Thursday, September 22, 2016

Surgical procedure covered in ASC

 Types of Services Included on the List 

The ASC list of covered surgical procedures is comprised of surgical procedures that CMS determines do not pose a significant safety risk and are not expected to require an overnight stay following the surgical procedure.

Surgical procedures are defined as Category I CPT codes within the surgical range of CPT codes, 10000 through 69999. Also considered to be included within that code range are Level II HCPCS and Category III CPT codes that crosswalk to or are clinically similar to the
Category I CPT codes in the range.

The surgical codes that are included on the ASC list of covered surgical procedures are those that have been determined to pose no significant safety risk to Medicare beneficiaries when furnished in ASCs and that are not expected to require active medical monitoring at midnight of the day on which the surgical procedure is performed (overnight stay).

Procedures that are included on the inpatient list used under Medicare’s hospital outpatient prospective payment system are deemed to pose significant safety risk to beneficiaries in ASCs and are not eligible for designation and coverage as ASC covered surgical procedures.

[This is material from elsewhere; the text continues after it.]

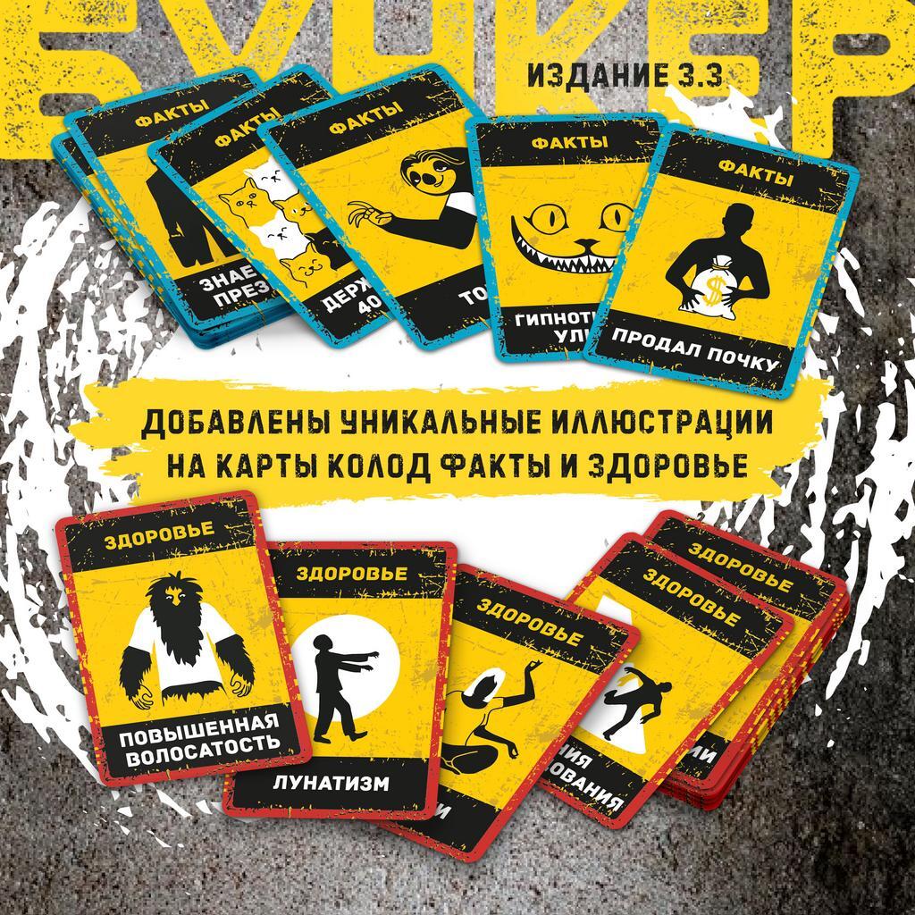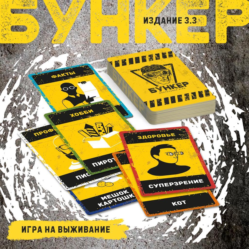 Особенность издания «Бункер» 3.3 – это обновлённые, иллюстрированные колоды и актуальные карты. В этой версии присутствуют уникальные иллюстрации на всех картах «Багаж», «Хобби», «Факты» и «Здоровье», что делает набор персонажей более наглядным и атмосферным. В комплект также входит карта «Кода доступа», а часть карт была переработана по сравнению с предыдущими версиями, что освежает партии и добавляет вариативности.

Procedures that can only be reported by using an unlisted Category I CPT code are excluded from consideration because there are no specifically descriptive codes that can be evaluated for safety risk.


Rebundling of CPT Codes 

The general CCI rebundling instructions apply to processing claims from ASC facilities services. In general, if an ASC bills a CPT code that is considered to be part of another more comprehensive code that is also billed for the same beneficiary on the same date of  service, only the more comprehensive code is covered, provided that code is on the list of ASC approved codes.